■ PROBLEM DETAILS ■
Give back all of the data exactly as it stands, with the pictures removed.

■ COLLECTED MATERIAL ■
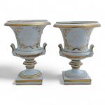Paire de VASES MEDICIS en porcelaine et biscuit à décor de filets or H.: 30 cm (petites usures à la dorure)
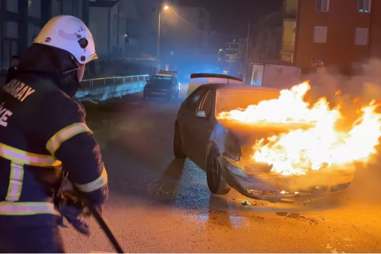 Sürücü ve arkadaşı olay yerine gelen polis ekiplerince uzaklaştırılarak sakinleştirilmeye çalışıldı. İhbar üzerine olay yerine itfaiye ve sağlık ekipleri sevk edildi. İtfaiye ekipleri adeta alev topuna dönen aracı müdahale ederek söndürdü. Yarım saat süren çalışmayla araçtaki yangın tamamen söndürülürken, araç kullanılmaz hale geldi. İtfaiye ve polis yangının çıkış nedeni hakkında inceleme başlattı.
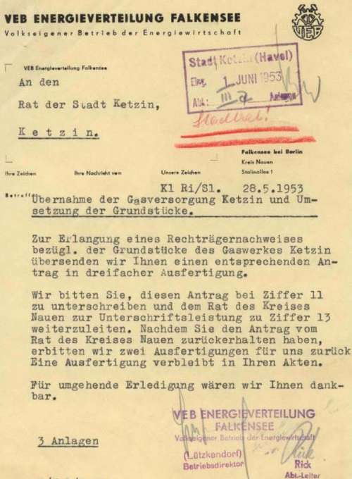 Energieverteilung Falkensee an den Rat der Stadt zwecks Übernahme der Gasversorgung und Übertragung des Grundstücks. Am 3. Juli erklärt der Stadtrat seine Zustimmung zur Übertragung der Rechtsträgerschaft an die Verwaltung volkseigener Betriebe in Berlin. Wenn auch die Übernahme schnell vor sich ging, hielt der Schriftverkehr um die Zustimmung des Rates des Kreises Nauen noch bis zum April des Folgejahres an. Nachdem Gustav Stanzeit vom VEB Energieverteilung Falkensee als Betriebsleiter abgelöst wurde übernahm Herr Otto Zander am 10. Februar 1953 die Leitung des Betriebes.
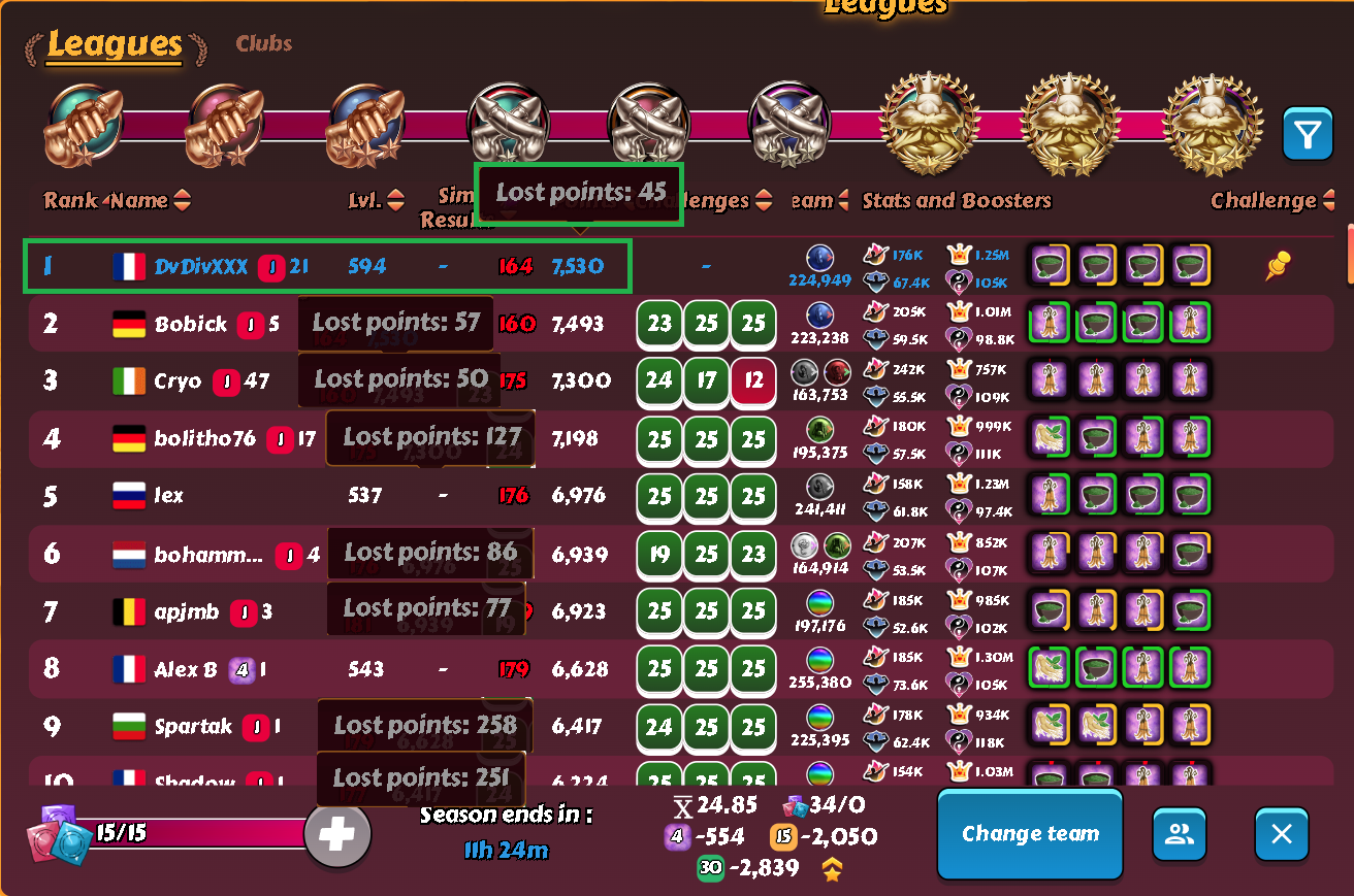 XXDongXX Posted December 21, 2023 Share Posted December 21, 2023 (edited) luckily an easy league for for me. Only one other player that had reached a first place in League before. No surprise he is on second place. I could only play on mobile from saturday to monday, so i missed blessings change and had to buy a lot of refills. [FDGN]Arkore did nearly all fights until monday evening so i had a clear aim, how high i must score. I used a partly blessed blue eyes team with undercover valentina for shield and royal housemaid for stun. Crasy high AP, for the vast majority of fights i hab to do it was not relevant if the emeny team was boosted or not 🤣, but again this was an easy league. Edited December 21, 2023 by XXDongXX 5 Link to comment Share on other sites More sharing options...

■ EXERCISE RESPONSE ■
Paire de VASES MEDICIS en porcelaine et biscuit à décor de filets or H.: 30 cm (petites usures à la dorure)
 Sürücü ve arkadaşı olay yerine gelen polis ekiplerince uzaklaştırılarak sakinleştirilmeye çalışıldı. İhbar üzerine olay yerine itfaiye ve sağlık ekipleri sevk edildi. İtfaiye ekipleri adeta alev topuna dönen aracı müdahale ederek söndürdü. Yarım saat süren çalışmayla araçtaki yangın tamamen söndürülürken, araç kullanılmaz hale geldi. İtfaiye ve polis yangının çıkış nedeni hakkında inceleme başlattı.
 Energieverteilung Falkensee an den Rat der Stadt zwecks Übernahme der Gasversorgung und Übertragung des Grundstücks. Am 3. Juli erklärt der Stadtrat seine Zustimmung zur Übertragung der Rechtsträgerschaft an die Verwaltung volkseigener Betriebe in Berlin. Wenn auch die Übernahme schnell vor sich ging, hielt der Schriftverkehr um die Zustimmung des Rates des Kreises Nauen noch bis zum April des Folgejahres an. Nachdem Gustav Stanzeit vom VEB Energieverteilung Falkensee als Betriebsleiter abgelöst wurde übernahm Herr Otto Zander am 10. Februar 1953 die Leitung des Betriebes.
 XXDongXX Posted December 21, 2023 Share Posted December 21, 2023 (edited) luckily an easy league for for me. Only one other player that had reached a first place in League before. No surprise he is on second place. I could only play on mobile from saturday to monday, so i missed blessings change and had to buy a lot of refills. [FDGN]Arkore did nearly all fights until monday evening so i had a clear aim, how high i must score. I used a partly blessed blue eyes team with undercover valentina for shield and royal housemaid for stun. Crasy high AP, for the vast majority of fights i hab to do it was not relevant if the emeny team was boosted or not 🤣, but again this was an easy league. Edited December 21, 2023 by XXDongXX 5 Link to comment Share on other sites More sharing options...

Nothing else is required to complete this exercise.